In the present study, we analyzed data from a multi-center cohort of adult patients with confirmed O104:H4 STEC-infection who were followed-up until complete recovery or onset of HUS. We aimed to identify risk factors for HUS and to develop a score which could serve as a risk stratification tool in the management of future cases.

Methods

Ethics Statement

Approval for the performance of the study was granted by the Ethics Committee of the Hamburg and Lübeck Chamber of Physicians. Written consent was obtained from study participants.
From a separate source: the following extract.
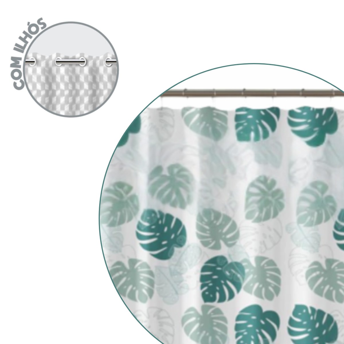 Com estampas de folhas e medidas de 1,80 m x 1,38 m, ela se destaca pela beleza e funcionalidade, acompanhada de 09 argolas para uma instalação prática. Transforme seu banheiro com a elegância e praticidade da Cortina Box Fine Folhas.

Selection of the Study Population

Patients 18 years of age and older with microbiologically confirmed STEC infection and with at least one clinical contact at one of the participating centers between May 1st and July 1st 2011 were included in this cohort study after written informed consent was obtained. Participating centers included the University Medical Center Hamburg-Eppendorf, the Asklepios Klinik Altona, the Amalie Sieveking hospital, and the Agaplesion Diakonieklinikum in Hamburg, and the University Medical Center in Lübeck, northern Germany. In the participating centers patients were diagnosed and treated in emergency departments which had set up specialized isolation and treatment units. The participating hospitals provided care for the majority of patient with STEC infection within the cities of Hamburg and Lübeck which reported the highest incidences in this outbreak [11]. The availability of these hospital based treatment units was communicated to general practitioners as well as to the public by local media. Therefore patients seen at the treatment units of participating centers included self-referrals as well as referrals by GPs.
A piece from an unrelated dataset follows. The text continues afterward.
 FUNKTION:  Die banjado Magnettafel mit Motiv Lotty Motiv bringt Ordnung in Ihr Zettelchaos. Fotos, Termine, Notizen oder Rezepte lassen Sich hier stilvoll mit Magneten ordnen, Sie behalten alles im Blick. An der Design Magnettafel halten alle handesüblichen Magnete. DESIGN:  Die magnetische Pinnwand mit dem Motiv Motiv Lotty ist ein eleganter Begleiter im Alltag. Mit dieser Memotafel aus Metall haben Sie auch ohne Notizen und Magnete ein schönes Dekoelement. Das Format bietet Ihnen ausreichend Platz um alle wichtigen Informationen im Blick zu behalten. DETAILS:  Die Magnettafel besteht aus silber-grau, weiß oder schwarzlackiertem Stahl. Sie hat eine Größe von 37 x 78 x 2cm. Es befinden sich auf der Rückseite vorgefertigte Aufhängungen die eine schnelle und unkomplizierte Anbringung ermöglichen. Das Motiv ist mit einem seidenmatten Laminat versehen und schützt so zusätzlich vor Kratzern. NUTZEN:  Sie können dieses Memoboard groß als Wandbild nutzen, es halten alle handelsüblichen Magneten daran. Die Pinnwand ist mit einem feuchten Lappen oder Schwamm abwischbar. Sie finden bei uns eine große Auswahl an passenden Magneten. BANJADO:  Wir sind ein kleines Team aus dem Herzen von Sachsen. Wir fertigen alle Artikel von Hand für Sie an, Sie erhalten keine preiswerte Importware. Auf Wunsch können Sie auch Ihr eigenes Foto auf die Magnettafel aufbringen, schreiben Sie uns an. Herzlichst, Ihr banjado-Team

Data regarding clinical symptoms and possible risk factors for STEC infection were collected at first presentation for medical care in the participating centers by physicians involved in the research using questionnaires. In patients who could not be initially assessed because of rapid deterioration, missing information was collected in retrospect from medical records. Questionnaires for the assessment of symptoms were developed in each center at the onset of the outbreak. These questionnaires were later standardized across centers and a common database was established. Patients were invited for a clinical follow-up visit or telephone consultation at least two weeks after first presentation at a participating center. At that point, patients were asked to provide information about the total duration of symptoms such as bloody or non-bloody diarrhea, the occurrence of complications, as well as additional information about risk behavior which had not been assessed initially. Laboratory data were recorded at initial presentation and at all follow-up visits. Completion and verification of clinical data was performed from hospital electronic data systems, medical files, and HUS registers.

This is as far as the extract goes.